§ **The problem**
Your task is to print all of the entries exactly, though the pictures should not be included.

§ **Data for the task**

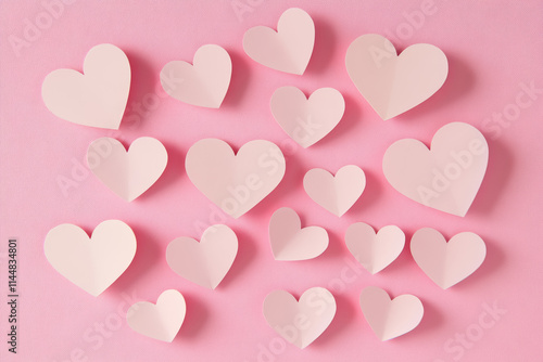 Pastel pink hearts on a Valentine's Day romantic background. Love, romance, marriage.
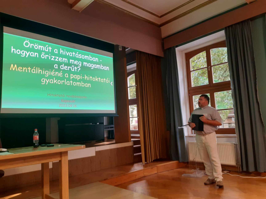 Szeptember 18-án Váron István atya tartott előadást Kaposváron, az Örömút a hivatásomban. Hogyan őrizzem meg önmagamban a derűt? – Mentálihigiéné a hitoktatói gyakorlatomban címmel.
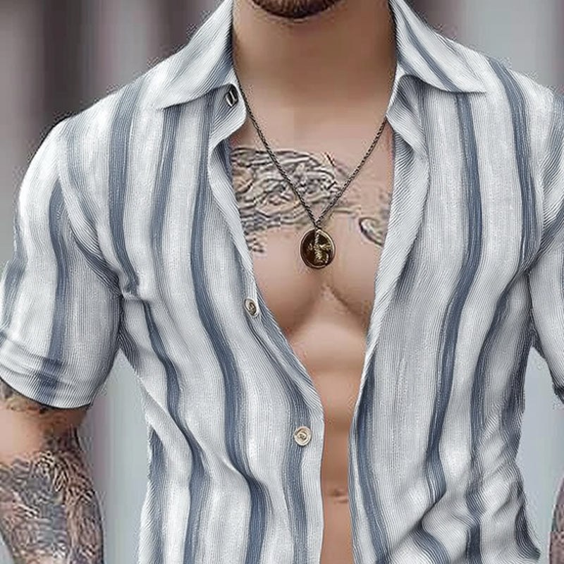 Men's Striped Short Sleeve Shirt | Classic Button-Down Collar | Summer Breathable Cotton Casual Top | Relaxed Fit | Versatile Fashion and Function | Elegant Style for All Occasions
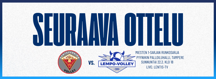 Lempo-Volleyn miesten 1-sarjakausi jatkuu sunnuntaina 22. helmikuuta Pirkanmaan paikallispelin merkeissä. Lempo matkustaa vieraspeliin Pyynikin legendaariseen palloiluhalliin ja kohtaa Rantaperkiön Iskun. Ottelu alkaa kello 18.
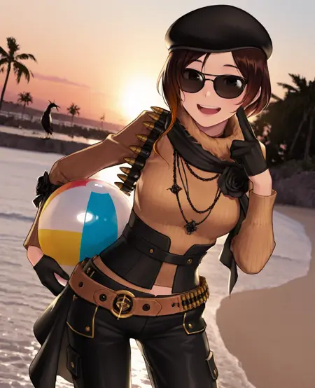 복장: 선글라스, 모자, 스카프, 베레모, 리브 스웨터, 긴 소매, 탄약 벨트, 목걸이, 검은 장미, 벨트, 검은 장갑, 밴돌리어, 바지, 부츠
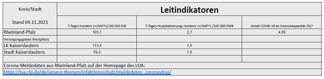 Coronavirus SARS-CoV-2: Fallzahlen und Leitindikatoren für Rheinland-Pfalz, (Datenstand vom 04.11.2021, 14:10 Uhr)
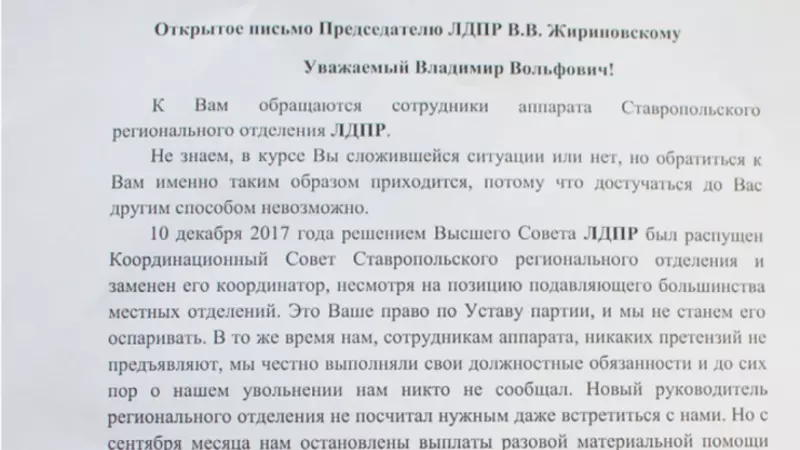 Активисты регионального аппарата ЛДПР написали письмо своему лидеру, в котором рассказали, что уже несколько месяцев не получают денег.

§ **Answer section**
 Pastel pink hearts on a Valentine's Day romantic background. Love, romance, marriage.
 Szeptember 18-án Váron István atya tartott előadást Kaposváron, az Örömút a hivatásomban. Hogyan őrizzem meg önmagamban a derűt? – Mentálihigiéné a hitoktatói gyakorlatomban címmel.
 Men's Striped Short Sleeve Shirt | Classic Button-Down Collar | Summer Breathable Cotton Casual Top | Relaxed Fit | Versatile Fashion and Function | Elegant Style for All Occasions
 Lempo-Volleyn miesten 1-sarjakausi jatkuu sunnuntaina 22. helmikuuta Pirkanmaan paikallispelin merkeissä. Lempo matkustaa vieraspeliin Pyynikin legendaariseen palloiluhalliin ja kohtaa Rantaperkiön Iskun. Ottelu alkaa kello 18.
 복장: 선글라스, 모자, 스카프, 베레모, 리브 스웨터, 긴 소매, 탄약 벨트, 목걸이, 검은 장미, 벨트, 검은 장갑, 밴돌리어, 바지, 부츠
 Coronavirus SARS-CoV-2: Fallzahlen und Leitindikatoren für Rheinland-Pfalz, (Datenstand vom 04.11.2021, 14:10 Uhr)
 Активисты регионального аппарата ЛДПР написали письмо своему лидеру, в котором рассказали, что уже несколько месяцев не получают денег.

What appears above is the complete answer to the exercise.